Input data ▸
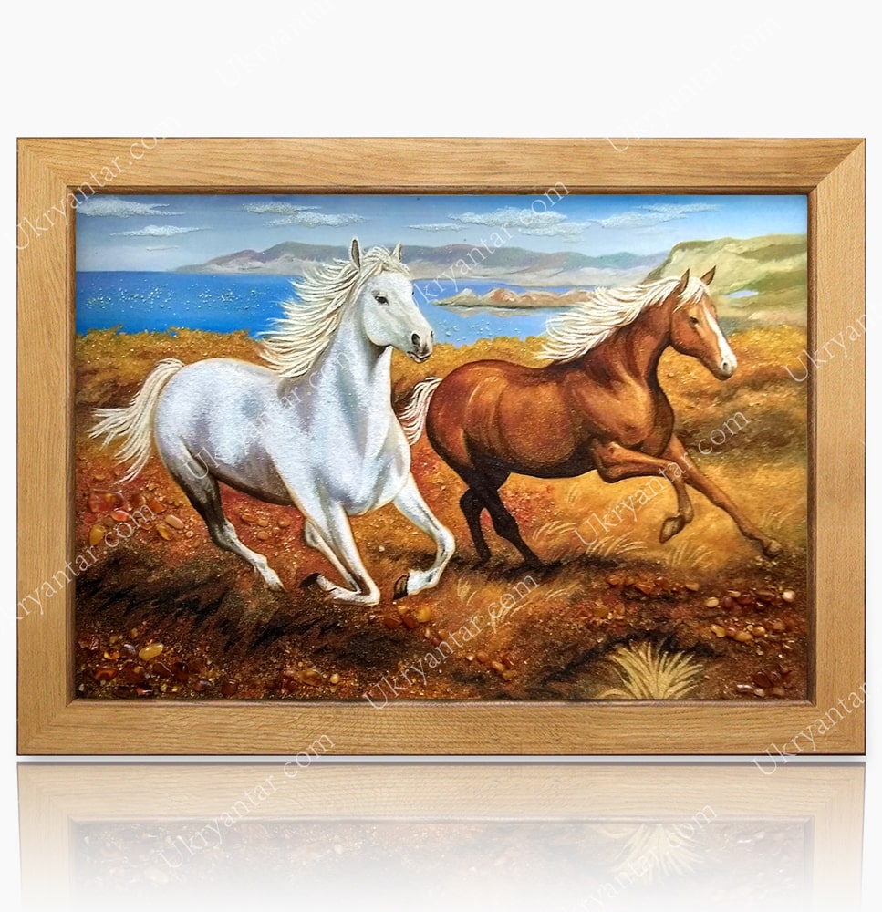 Бурштинова картина «Два коні»
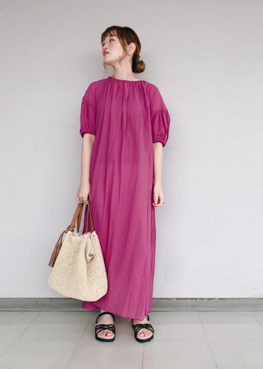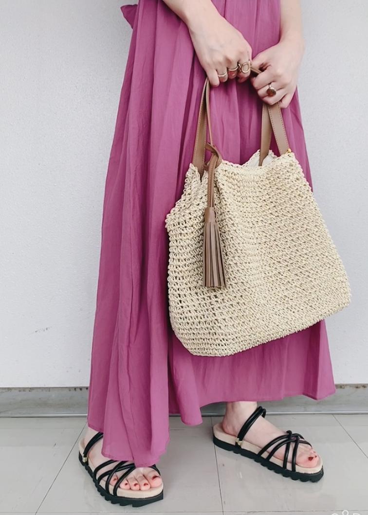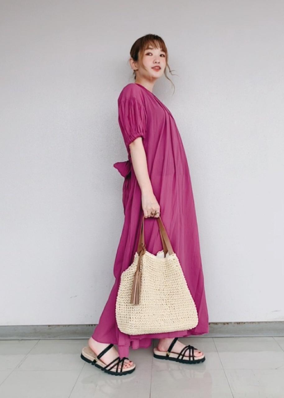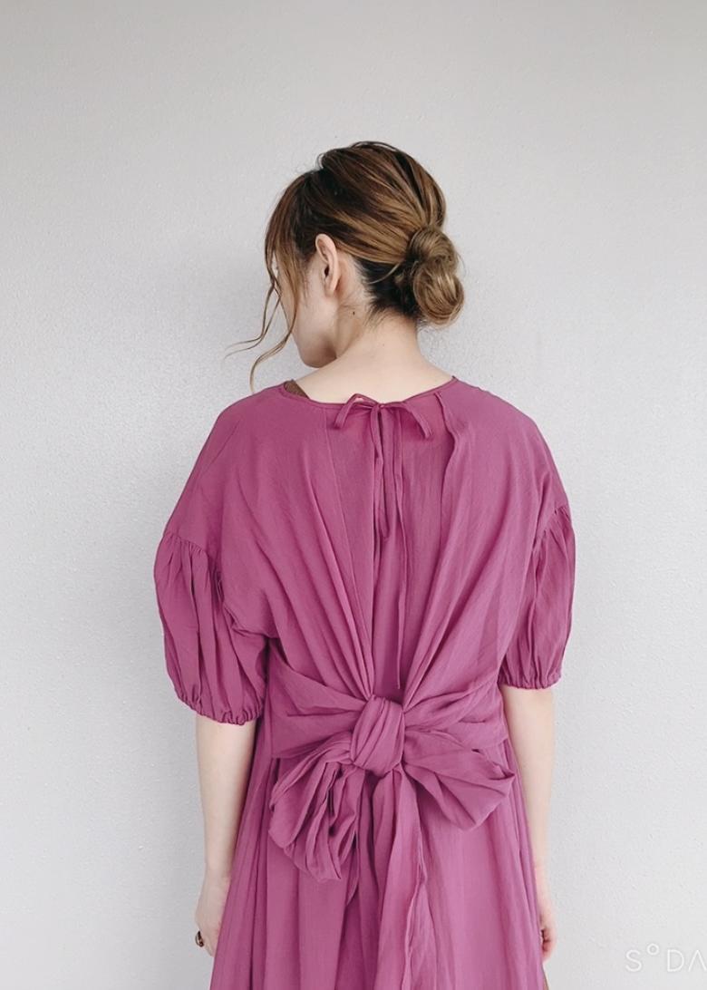 ビビットなピンクが華やかな、マルチウェイワンピースは、大きめなウエストリボンの結び方を前後、左右とアレンジできます。私は背中で結び、正面から見た時にスッキリと見えるスタイリングにしています。
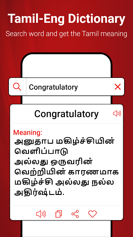Tìm kiếm nghĩa của từ trong Tiếng Tamil hoặc tiếng Anh bằng từ điển Tiếng Tamil. Một danh sách đầy đủ các từ cũng có trong mô-đun từ đồng nghĩa để bạn có thể tăng vốn từ vựng tiếng Tamil của mình. Đánh dấu cho bạn những từ và ý nghĩa của chúng là yêu thích.

Assigned task ▸ Aside from its pictures, the listing must be given again in full, exactly as it appears.

Task result ▸
 Бурштинова картина «Два коні»
 ビビットなピンクが華やかな、マルチウェイワンピースは、大きめなウエストリボンの結び方を前後、左右とアレンジできます。私は背中で結び、正面から見た時にスッキリと見えるスタイリングにしています。
Tìm kiếm nghĩa của từ trong Tiếng Tamil hoặc tiếng Anh bằng từ điển Tiếng Tamil. Một danh sách đầy đủ các từ cũng có trong mô-đun từ đồng nghĩa để bạn có thể tăng vốn từ vựng tiếng Tamil của mình. Đánh dấu cho bạn những từ và ý nghĩa của chúng là yêu thích.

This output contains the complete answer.